I haven't been groped. No work colleague has even said anything remotely offensive to me, let alone groped me. At work or a Christmas party. No man has touched me, overpowered me, done anything to me that I didn't want. I never woke up with someone next to me or on top of me. On a scale of 1-100, my experience of being anywhere near raped is 0%.
No uncle has ever come anywhere near me, no person I did babysitter for ever touching me, or groped in nightclub. I just went nightclubbing and danced, snogged someone and then snogged them the next week aswell. Through choice.
Nothing. No bad experiences at uni.
I appreciate that many woman have had bad experiences. Many assaulted. But I'm not one of them.

And it's NOT like I've had something minorly bad happen that I'm then dismissing, because I'm some sort of rape sympathiser, I just haven't had anything bad happen to me. I never woke up in the morning feeling bad, all was fine, when I look back at things. If I slept with someone, I was glad then and am still glad now that I had slept with them.

I feel like you might thing I'm naive, or looking back with rose tinted specs, but I'm really not.

Oblomov16 · 16/10/2016 05:52

But I'm not dismissing anyone to whom anything awful has happened/ has been assaulted.
I do acknowledge that it has happened to many posters,a Dennis widespread. I'm not dismissive.
I'm not sure how I am supposed to win hereHmm
I don't think I can.

pleasetryanother1 · 16/10/2016 06:07

My boyfriend at 16 had unprotected sex with me when I didn't want to. I ended up pregnant, had a termination. He made me have sex with him the day after and ended up in hospital with an infection. Don't think I've ever really got over that. And when I think I was 16. Sad

Various other incidents, but this is the one that 20 yrs on still makes me a bit sad.

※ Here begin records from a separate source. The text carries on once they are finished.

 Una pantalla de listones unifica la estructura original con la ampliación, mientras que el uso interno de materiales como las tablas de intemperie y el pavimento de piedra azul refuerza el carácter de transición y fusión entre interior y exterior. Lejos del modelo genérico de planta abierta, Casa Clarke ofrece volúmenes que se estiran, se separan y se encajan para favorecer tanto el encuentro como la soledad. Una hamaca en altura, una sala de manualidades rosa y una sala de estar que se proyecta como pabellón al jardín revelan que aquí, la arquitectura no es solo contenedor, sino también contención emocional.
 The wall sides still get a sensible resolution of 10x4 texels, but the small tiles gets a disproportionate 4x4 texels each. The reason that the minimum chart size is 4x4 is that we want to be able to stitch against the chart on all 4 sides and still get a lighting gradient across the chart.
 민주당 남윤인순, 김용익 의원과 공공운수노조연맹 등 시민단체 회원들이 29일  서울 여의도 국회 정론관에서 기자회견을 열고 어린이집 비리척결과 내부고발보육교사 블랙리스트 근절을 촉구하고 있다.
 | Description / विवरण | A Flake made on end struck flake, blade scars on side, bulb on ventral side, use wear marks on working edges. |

TheDowagerCuntess · 16/10/2016 06:28

You are very lucky. Oblomov.

For what it's worth, I've never experienced harassment or assault from someone I know - a family friend, relative, date, etc. I've never been raped, coerced or threatened.

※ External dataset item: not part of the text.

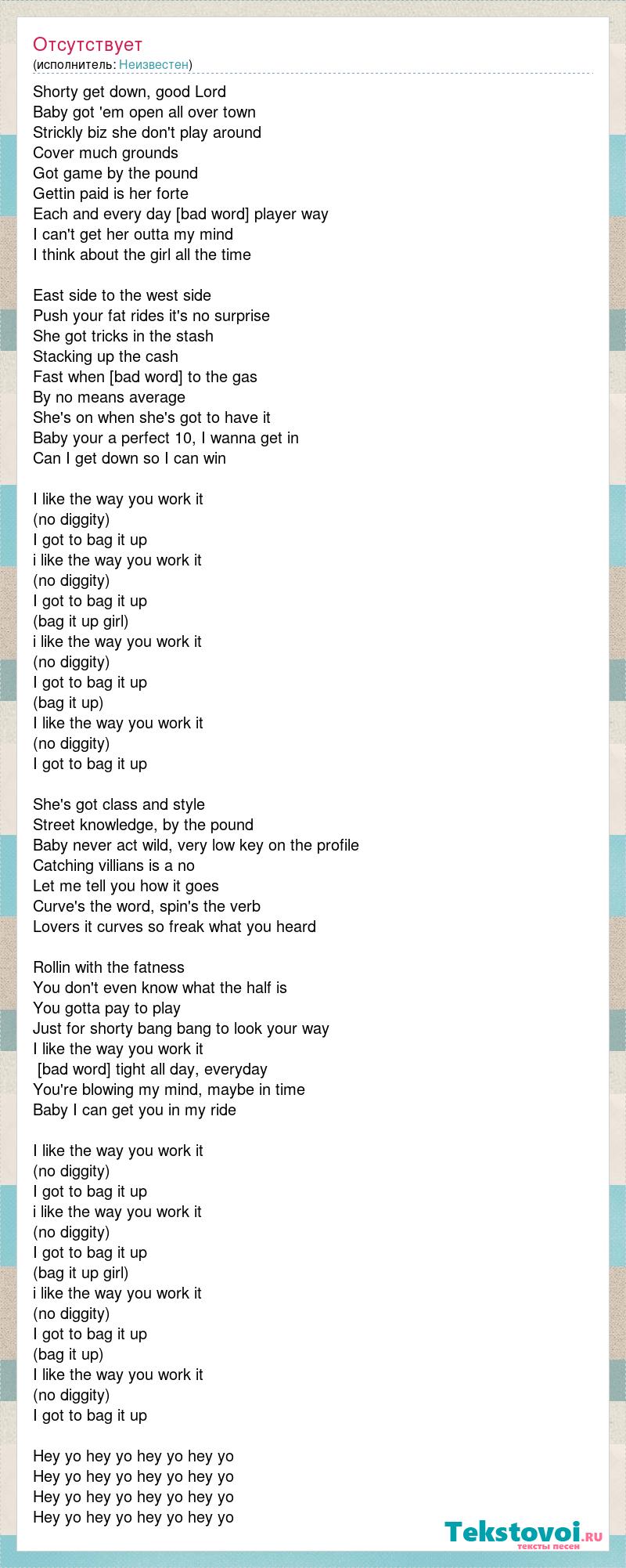 Shorty get down, good Lord Baby got 'em open all over town Strickly biz she don't play around Cover much grounds Got game by the pound Gettin paid is her forte Each and every day [bad word] player way I can't get her outta my mind I think about the girl all the time East side to the west side Push your fat rides it's no surprise She got tricks in the stash Stacking up the cash Fast when [bad word] to the gas By no means average She's on when she's got to have it Baby your a perfect 10, I wanna get in Can I get down so I can win I like the way you work it (no diggity) I got to bag it up i like the way you work it (no diggity) I got to bag it up (bag it up girl) i like the way you work it (no diggity) I got to bag it up (bag it up) I like the way you work it (no diggity) I got to bag it up She's got class and style Street knowledge, by the pound Baby never act wild, very low key on the profile Catching villians is a no Let me tell you how it goes Curve's the word, spin's the verb Lovers it curves so freak what you heard Rollin with the fatness You don't even know what the half is You gotta pay to play Just for shorty bang bang to look your way I like the way you work it [bad word] tight all day, everyday You're blowing my mind, maybe in time Baby I can get you in my ride I like the way you work it (no diggity) I got to bag it up i like the way you work it (no diggity) I got to bag it up (bag it up girl) i like the way you work it (no diggity) I got to bag it up (bag it up) I like the way you work it (no diggity) I got to bag it up Hey yo hey yo hey yo hey yo Hey yo hey yo hey yo hey yo Hey yo hey yo hey yo hey yo Hey yo hey yo hey yo hey yo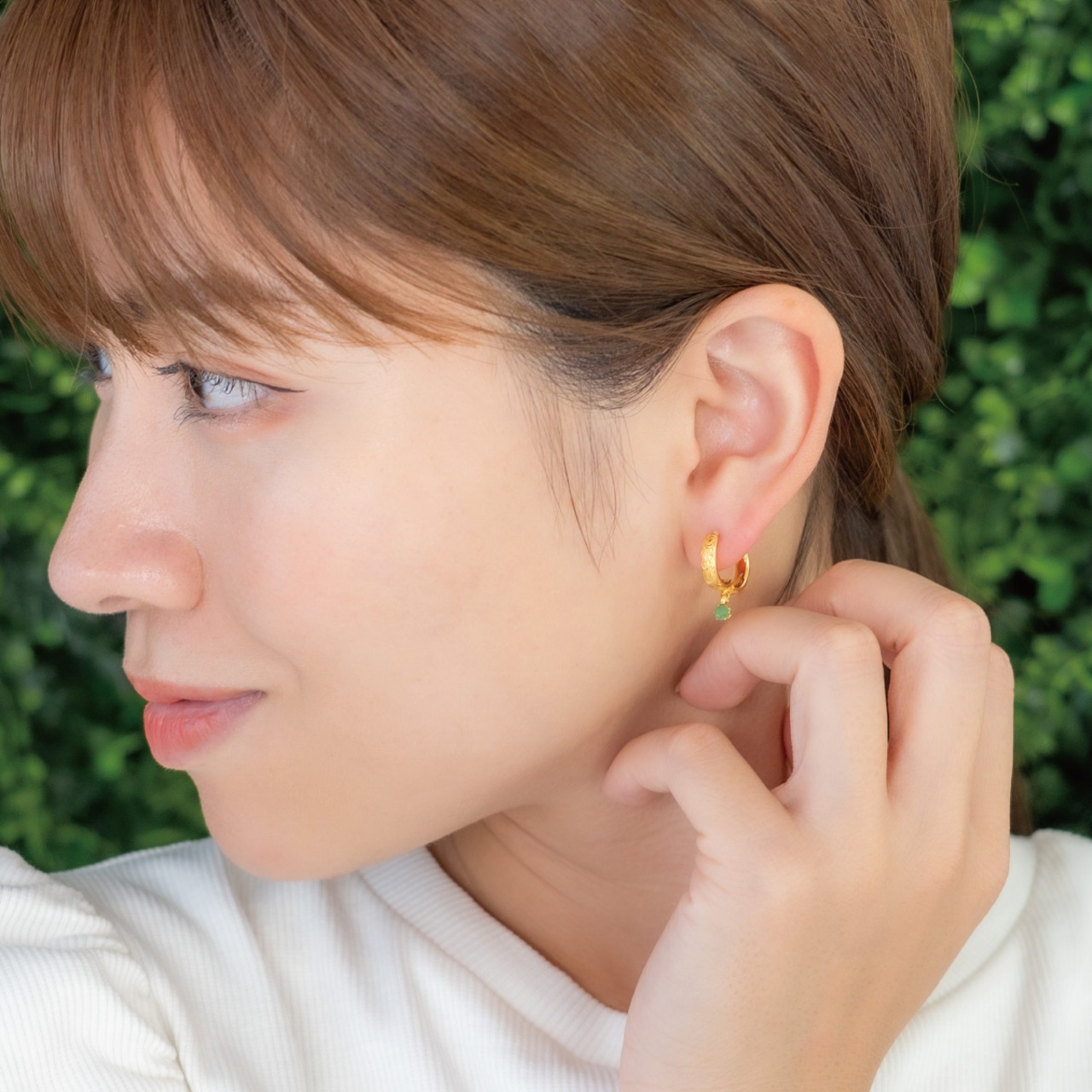 耳元で軽やかに揺れる一粒石は、動くたびに輝きを放ち、

Every one of my (countless) experiences has been strangers. Well, except for the regulars at the City bar I worked in. I mean, I don't recall a single one of their names, but they weren't complete strangers.

Most of it was low level harassment, and much of it I laughed off at the time. Looking back, it was pretty shit, but in the words of Baby from Dirty Dancing, most of the time, it didn't occur to me to mind. The wolf-whistling / cat-calling, I always loathed, though. And actual grabbing/groping I hated.

I consider myself one of the lucky ones.

Have no idea what I'm going to say to DD. What I'm going to say to DS is much clearer.

sashh · 16/10/2016 06:30

Beeping and wolf whistling are both assault.

They are not the worst kind of assault but they are still assault.

Personally I find it worse than unwanted touching, I'm quite happy to scream 'Fuck off and take your hands with you' but it's harder when it is a whistle or shouted comment.

As for it being a complement - how? What is so great about a man valuing you on your shagabiity?

How would you feel if they did that to a child and why is it different?Unless you are quite happy for your 10 year old to be thought of as a sexual object.